Stolen iPhone prototypes used for hacking into Apple's vaunted security, even by law enforcement
That unicorn of an iPhone, a "dev-fused" device with stripped security for easier software development and prototyping, has been the culprit behind cracking the hardest Apple encryption nuts in the hacking community and law enforcement alike, it seems.
A months-long investigation by Motherboard has discovered how these units go for many thousands of dollars on the black market, sought after by security researchers in the best-case scenario, through companies that provide cracking for law-enforcement purposes, to the hacking and jailbreaking community that is in the grey area of the industry.

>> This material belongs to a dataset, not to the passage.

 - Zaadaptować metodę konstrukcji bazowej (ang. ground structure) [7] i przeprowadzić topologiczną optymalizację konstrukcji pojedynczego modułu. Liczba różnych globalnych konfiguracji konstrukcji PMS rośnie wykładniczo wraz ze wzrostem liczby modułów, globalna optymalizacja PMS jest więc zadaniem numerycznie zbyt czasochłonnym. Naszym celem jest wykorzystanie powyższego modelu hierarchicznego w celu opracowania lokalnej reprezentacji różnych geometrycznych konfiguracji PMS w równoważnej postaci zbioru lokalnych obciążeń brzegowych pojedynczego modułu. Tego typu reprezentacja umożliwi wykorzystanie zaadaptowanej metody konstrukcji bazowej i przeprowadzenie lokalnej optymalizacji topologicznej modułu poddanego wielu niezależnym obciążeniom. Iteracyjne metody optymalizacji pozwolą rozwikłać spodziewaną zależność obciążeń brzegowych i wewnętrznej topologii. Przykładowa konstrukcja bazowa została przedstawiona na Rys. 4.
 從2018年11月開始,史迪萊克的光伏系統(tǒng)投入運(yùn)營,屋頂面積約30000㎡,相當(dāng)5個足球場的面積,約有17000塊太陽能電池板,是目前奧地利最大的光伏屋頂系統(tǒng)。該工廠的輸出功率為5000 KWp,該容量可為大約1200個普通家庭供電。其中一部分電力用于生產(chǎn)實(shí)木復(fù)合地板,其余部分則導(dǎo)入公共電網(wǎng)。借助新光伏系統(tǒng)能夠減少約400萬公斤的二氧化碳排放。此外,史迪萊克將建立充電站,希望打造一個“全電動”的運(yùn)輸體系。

The "dev-fused" iPhones allow root access to almost every nook and cranny of Apple's mobile operating system, but apparently it can also give hints at how Apple safeguards that most sacred of encryption hardware - the Secure Enclave Processor (SEP) that, for instance, keeps scrambled data of your finger or face readings.

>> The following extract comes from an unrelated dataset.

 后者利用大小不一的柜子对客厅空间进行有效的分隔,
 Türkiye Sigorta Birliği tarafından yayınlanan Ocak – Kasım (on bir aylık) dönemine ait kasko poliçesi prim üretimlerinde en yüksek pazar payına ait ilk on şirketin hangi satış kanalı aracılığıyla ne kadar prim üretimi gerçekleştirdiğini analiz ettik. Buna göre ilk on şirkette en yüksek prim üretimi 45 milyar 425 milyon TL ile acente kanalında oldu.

The SEP access is unprecedented given that such data is never meant to leave the enclave or the confines of Apple's security team but, fortunately, the hackers that demonstrated access only "leveraged specific prototypes," as per one anonymous jailbreaker. Needless to say, those using dev-fused iPhones with a so-called "Switchboard" engineering OS, do it not only for the sport but to save themselves the work and disappointments if they start hacking from scratch. Some of them go to work for companies that make cell phone snooping tools for various entities, including the police.

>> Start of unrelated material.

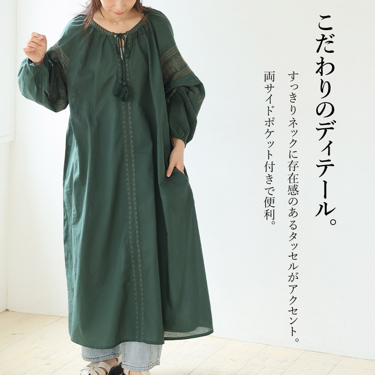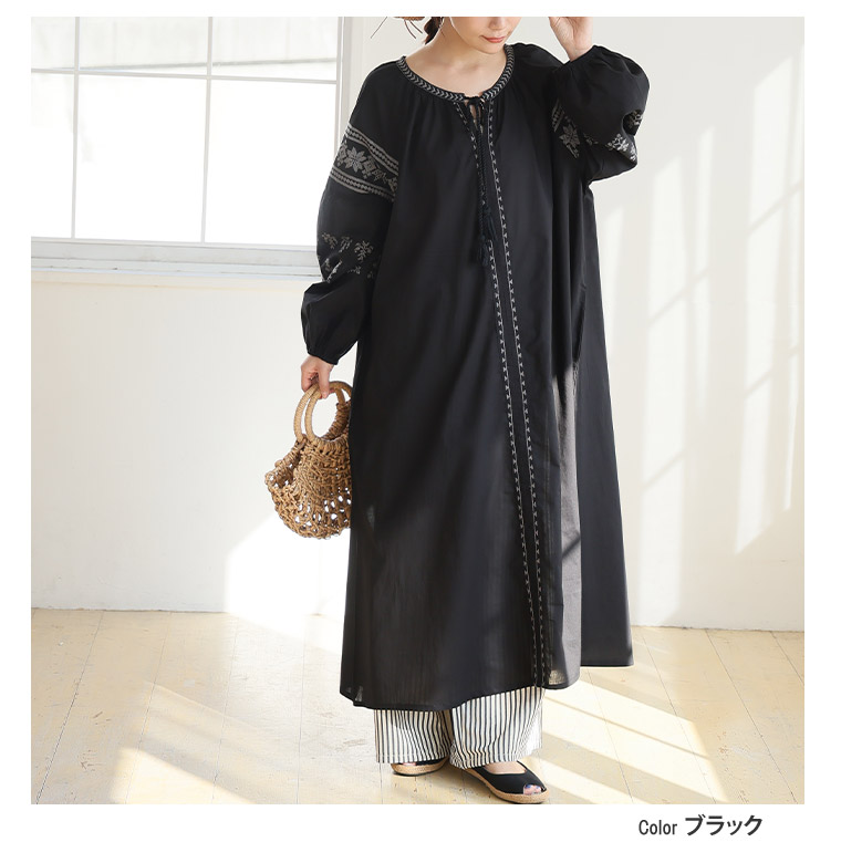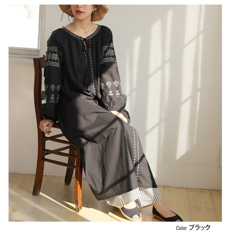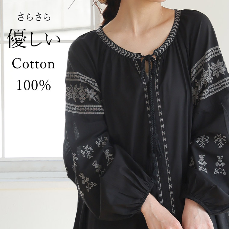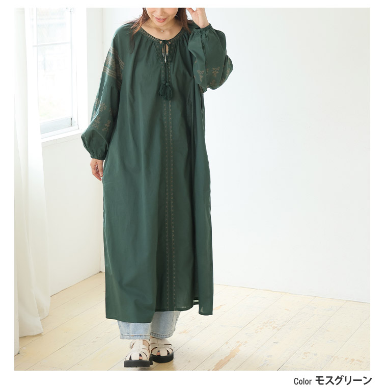 綿100% ゆったり刺繍ワンピース

The investigation into switchboard iPhones came up with a fairly straightforward way to buy such devices. A security-stripped iPhone X went for $1800, for instance, but an iPhone XR with a full suite of access software and hardware fetched $20,000 at another place. The thing is that such devices are obviously not that hard to obtain, and the Foxconn sticker on some shows that this is an iPhone that may have been lifted straight from the assembly lines.
The folks at Shenzhen's Foxconn factory floors who provide such handsets may not be aware of what is possible with them, claims a local security researcher, but that makes it all the more worrying. The guy that teased the SEP hack was even briefly hired by Apple and then his employment abruptly ended, adding another layer of "dev-fused" mystery.
What the circulation of such prototypes shows, though, is that one should never feel fully secure their iPhone communication is out of limits for forces able and willing to get it. And to think that Apple is of the good ones when it comes to safeguarding their users' data should send a bit of a chill down the spine of any smartphone user.